On such words we do not comment; we give them homage. The answer of this shepherd to this priest is no mere claim of personal disinterestedness. It is the protest of a new order of prophecy, the charter of a spiritual religion. As we have seen, the "sons of the prophets" were guilds of men who had taken to prophesying because of certain gifts of temper and natural disposition, and they earned their bread by the exercise of these. Among such abstract craftsmen Amos will not be reckoned. He is a prophet, but not of the kind with which his generation was familiar. An ordinary member of society, he has been suddenly called by Jehovah from his civil occupation for a special purpose and by a call which has not necessarily to do with either gifts or a profession. This was something new, not only in itself, but in its consequences upon the general relations of God to men. What we see in this dialogue at Bethel is, therefore, not merely the triumph of a character, however heroic, but rather a step forward and that one of the greatest and most indispensable-in the history of religion.
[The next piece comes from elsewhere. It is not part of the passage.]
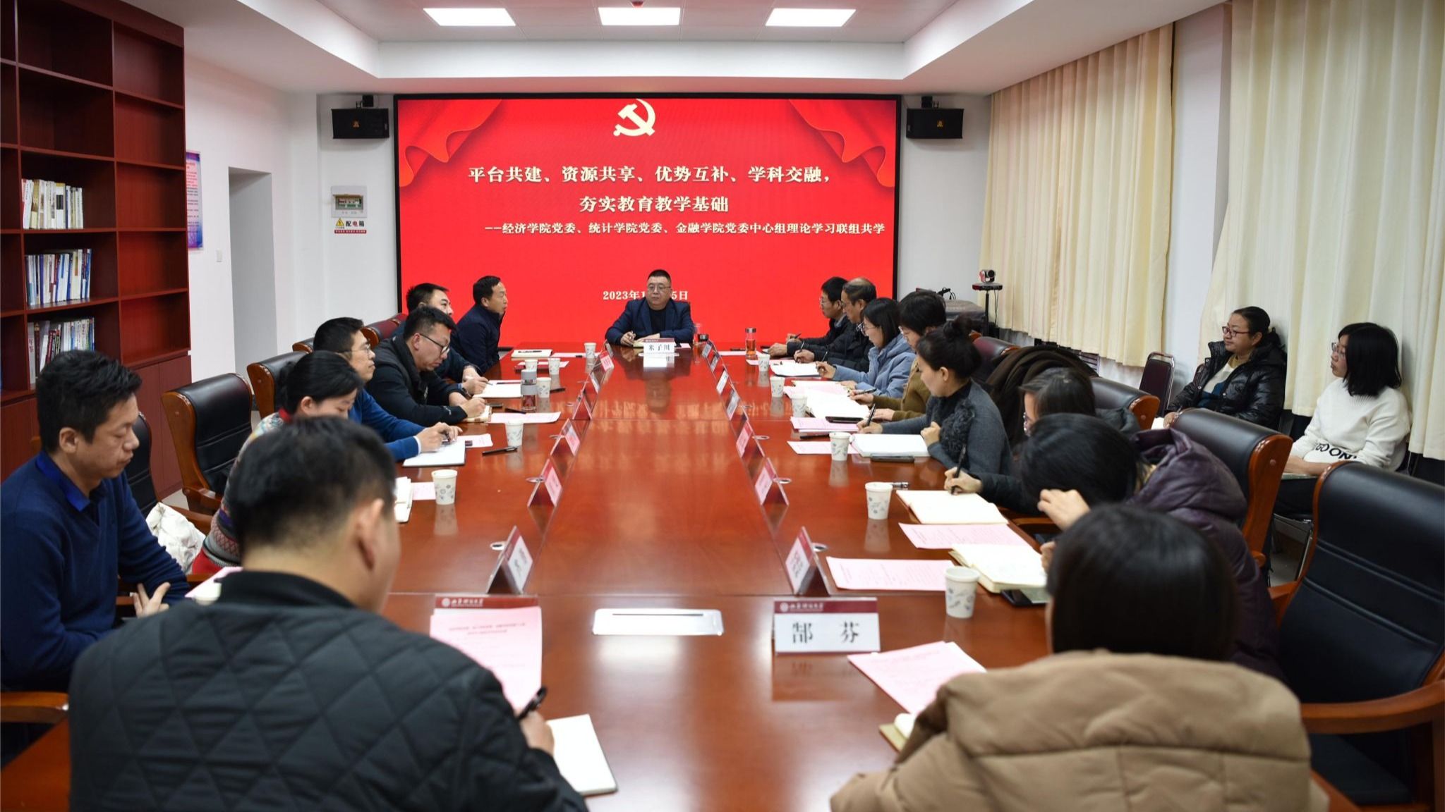 12月25日下午,由经济学院党委、统计学院党委、太阳集团tyc151cc党委共同组织的理论学习中心组联组共学活动在太阳集团tyc151cc举行。经济学院党委、统计学院党委和太阳集团tyc151cc党委党员领导干部参加学习,非党员领导干部、党务教学秘书、团委书记列席旁听。统计学部所属的信息学院党委书记、应用数学学院党委书记应邀参会。本次联组共学活动的主题为“平台共建、资源共享、优势互补、学科交融,夯实教育教学基础”。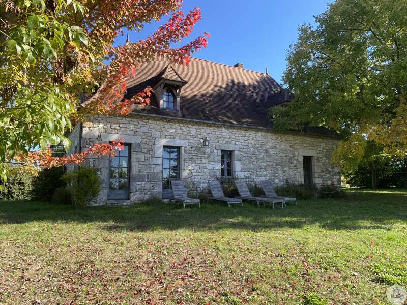 Gerestaureerd huis in Périgord-stijl met circa 140 m² woonoppervlakte in een rustige, bosrijke omgeving met prachtig uitzicht op het platteland. Op de begane grond: - Een woon-/eetkamer van 55,8 m² met tegelvloer, balkenplafond en twee openslaande deuren naar de tuin. - Een ingerichte keuken van 11 m² met tegelvloer en één openslaande deur naar de tuin. - Een badkamer met wastafel, ligbad en douche. - Een wasruimte en stookruimte van 5 m². - Een apart toilet van 1,7 m². Boven: - Een overloop van 20 m² met balkenplafond, opbergkasten en een dakraam. - Twee zolderslaapkamers van 20,2 en 19,6 m² - Een apart toilet van 1,7 m² - Dubbele beglazing (houten kozijnen) - Centrale verwarming op olie Buiten: - Een perceel grond van 8.764 m²

There follows a denunciation of the man who sought to silence this fresh voice of God. "Now therefore hearken to the word of Jehovah thou that sayest, Prophesy not against Israel, nor let drop thy words against the house of Israel; therefore thus saith Jehovah "Thou hast presumed to say; Hear what God will say." Thou hast dared to set thine office and system against His word and purpose. See how they must be swept away. In defiance of its own rules the grammar flings forward to the beginnings of its clauses, each detail of the priest's estate along with the scene of its desecration. "Thy wife in the city-shall play the harlot; and thy sons and thy daughters by the sword-shall fall; and thy land by the measuring rope-shall be divided; and thou in an unclean land-shalt die. Do not let us blame the prophet for a coarse cruelty in the first of these details. He did not invent it. With all the rest it formed an ordinary consequence of defeat in the warfare of the times-an inevitable item of that general overthrow which, with bitter emphasis, the prophet describes in Amaziah's own words: "Israel going shall go into captivity from off his own land."
There is added a vision in line with the three which preceded the priest's interruption. We are therefore justified in supposing that Amos spoke it also on this occasion, and in taking it as the close of his address at Bethel. "Then the Lord Jehovah gave me to see: and, behold, a basket of Kaits," that is, "summer fruit. And He said, What art thou seeing, Amos? And I said, A basket of Kaits. And Jehovah said unto me, The Kets-the End - has come upon My people Israel. I will not again pass them over." This does not carry the prospect beyond the third vision, but it stamps its finality, and there is therefore added a vivid realization of the result. By four disjointed lamentations, "howls" the prophet calls them, we are made to feel the last shocks of the final collapse, and in the utter end an awful silence. "And the songs of the temple shall be changed into howls in that day, saith the Lord Jehovah. Multitude of corpses! In every place! He hath cast out! Hush!"
These then were probably the last words which Amos spoke to Israel. If so, they form a curious echo of what was enforced upon himself, and he may have meant them as such. He was "cast out"; he was "silenced." They might almost be the verbal repetition of the priest's orders. In any case the silence is appropriate. But Amaziah little knew what power he had given to prophecy the day he forbade it to speak. The gagged prophet began to write; and those accents which, humanly speaking, might have died out with the songs of the temple of Bethel were clothed upon with the immortality of literature. Amos silenced wrote a book-first of prophets to do so-and this is the book we have now to study.